Hypogenic AI - Shaping the Future of Science

Welcome to another weekly entry! Thank you to everyone who submitted and voted on ideas.

This week we tested whether one specific component inside language models is responsible for them sounding bland and predictable, asked whether a chatbot can recommend music as well as Spotify's algorithms, and looked at what it actually means for a language model to simulate a population of humans.

Winning ideas and generated repos here:

LayerNorm and concept association in creative tasks by Xiaoyan Bai

Language models often produce safe, conventional outputs even when many other valid options exist. Inside the model, every layer applies an operation called LayerNorm that rescales the hidden representations to a fixed scale. The question is whether LayerNorm itself is part of why models collapse onto the most common, "human-intuitive" outputs, by squeezing the geometry of concepts in latent space.

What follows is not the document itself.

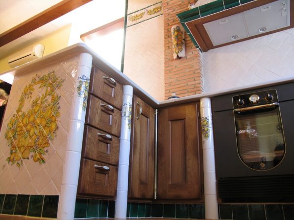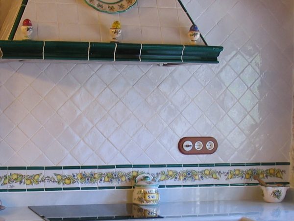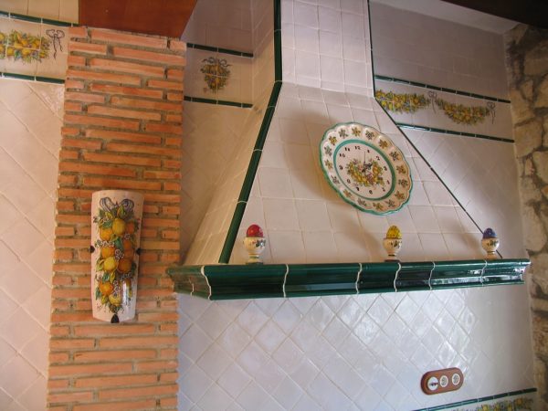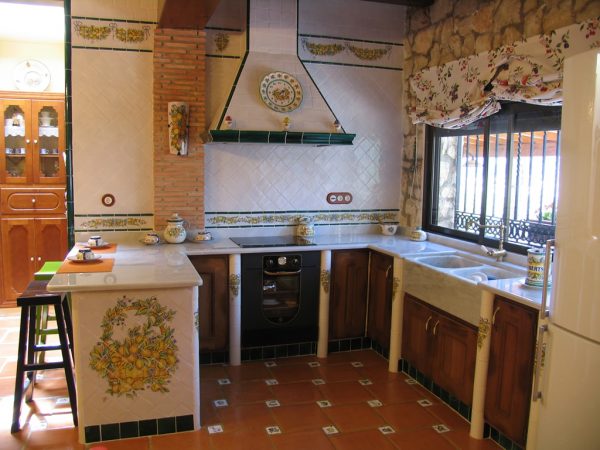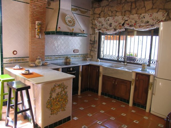 Cocina alicatada con azulejos de cerámica de 10 x 10 cm blanco antiguo, el pilar que se encuentra al lado de la campana, se alicató con caravista de barro manual cocido, donde se colocó una teja hecha a mano y decorada con naranjas y limones como la cenefa. La campana se realizó con la moldura barsella en verde claur, alicatada con azulejos de 10 x 10 y las aristas rematadas con media caña de 3 x 20 en verde claur, la cenefa alta de la cocina se pintó con guirnaldas de naranjas y limones, está cenefa se pintó a medida para cada sitio, El remate de que el final de la barra se alicató con una cesta pintada a mano con naranjas y limones. Las puertas de esta cocina están separadas por tabiques de obra, los cuales se remataron con media caña pasamano pintadas con lazos de naranjas y limones.Todas las piezas de complemento de esta cocina se realizaron a juego con las cenefas y colores de la misma, como se aprecia en el reloj de la campana, el salero y otros. El pavimento de esta cocina está realizado con azulejos de 30 x 30 en barro manual, que incorpora también azulejos de 8 x 8 cm decorados con frutas. Consúltenos »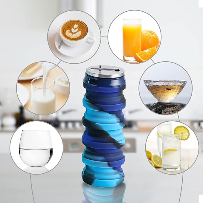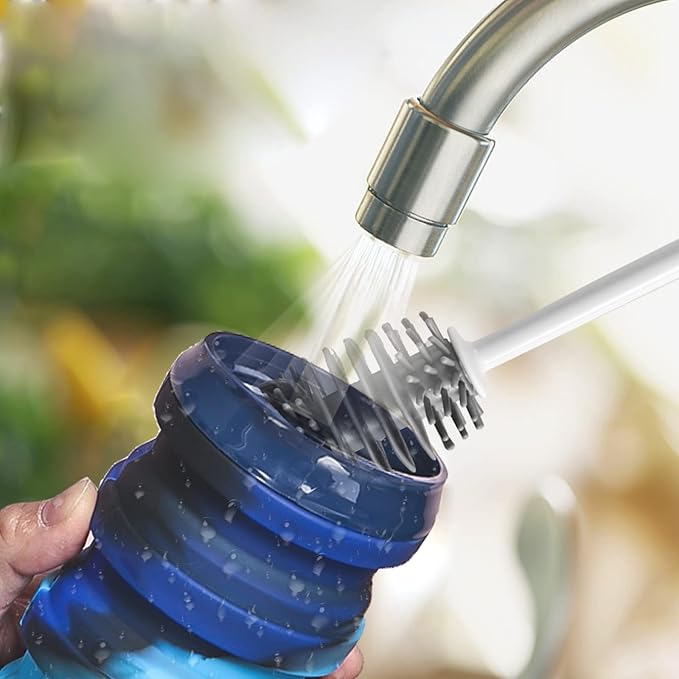 - 👉🏼【SET INCLUDES】: Set includes 1-pack of collapsible water bottles and a silicone brush, made of food-grade silicone BPA Free, 500ml/17oz.Only 3.5 inches when folded, 200ml/7oz. Portable and easier to store.

How much do LLMs solve recommendation algorithms? by Ari Holtzman

If you export your full Spotify listening history and paste it into Claude or GPT, can the chatbot give you music recommendations that are as good as Spotify's? Recommendation systems have decades of work behind them and rely on what other users listened to alongside you. A general LLM has none of that, but it has a lot of world knowledge about music.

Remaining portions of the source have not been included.